RECORDED INFORMATION —
○ ○ ○ ○ ○
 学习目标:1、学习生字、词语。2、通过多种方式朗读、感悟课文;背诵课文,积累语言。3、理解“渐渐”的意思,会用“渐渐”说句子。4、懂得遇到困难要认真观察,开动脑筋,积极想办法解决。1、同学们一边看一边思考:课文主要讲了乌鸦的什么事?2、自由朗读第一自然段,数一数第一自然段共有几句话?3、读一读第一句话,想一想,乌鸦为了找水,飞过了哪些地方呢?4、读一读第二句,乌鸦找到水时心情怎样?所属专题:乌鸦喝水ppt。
○ ○ ○ ○ ○
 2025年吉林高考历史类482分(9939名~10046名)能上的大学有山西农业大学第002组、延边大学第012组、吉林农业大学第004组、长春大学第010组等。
○ ○ ○ ○ ○
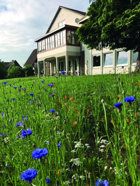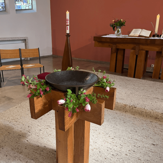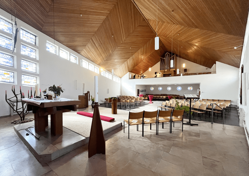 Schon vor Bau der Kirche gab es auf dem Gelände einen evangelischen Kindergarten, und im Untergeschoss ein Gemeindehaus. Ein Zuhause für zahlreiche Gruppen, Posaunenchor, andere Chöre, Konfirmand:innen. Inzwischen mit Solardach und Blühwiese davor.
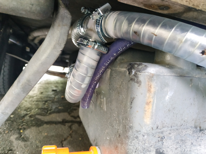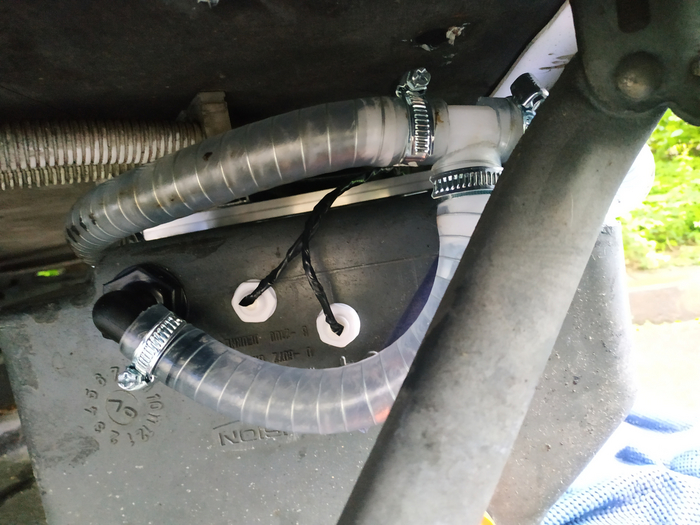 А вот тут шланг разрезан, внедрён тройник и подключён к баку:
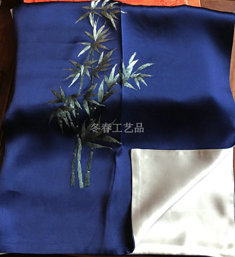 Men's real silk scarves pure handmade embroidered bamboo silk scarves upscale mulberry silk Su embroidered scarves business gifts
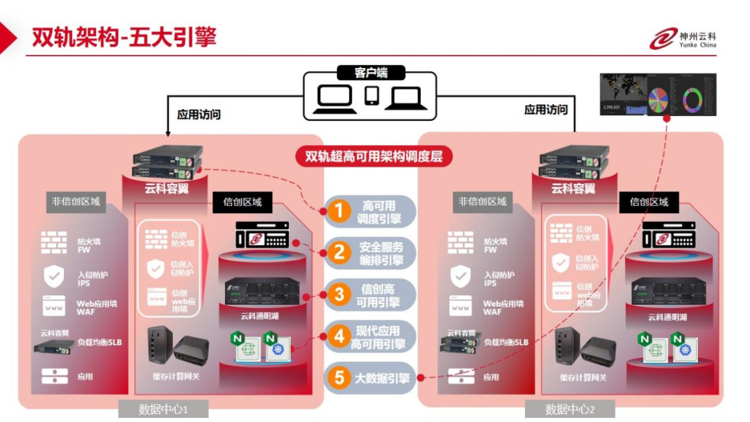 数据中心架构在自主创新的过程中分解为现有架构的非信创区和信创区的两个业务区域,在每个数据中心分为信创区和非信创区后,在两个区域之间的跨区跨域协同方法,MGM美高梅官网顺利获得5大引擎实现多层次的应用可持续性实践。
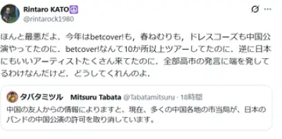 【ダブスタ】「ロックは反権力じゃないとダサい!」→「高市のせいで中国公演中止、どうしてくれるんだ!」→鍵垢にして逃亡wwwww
○ ○ ○ ○ ○
ASSIGNMENT — Extract, without any images, the part of the material above that opens with the line containing "Schon vor Bau" and closes with the line containing "А вот тут шланг", both lines included.

OUTPUT —
 Schon vor Bau der Kirche gab es auf dem Gelände einen evangelischen Kindergarten, und im Untergeschoss ein Gemeindehaus. Ein Zuhause für zahlreiche Gruppen, Posaunenchor, andere Chöre, Konfirmand:innen. Inzwischen mit Solardach und Blühwiese davor.
 А вот тут шланг разрезан, внедрён тройник и подключён к баку:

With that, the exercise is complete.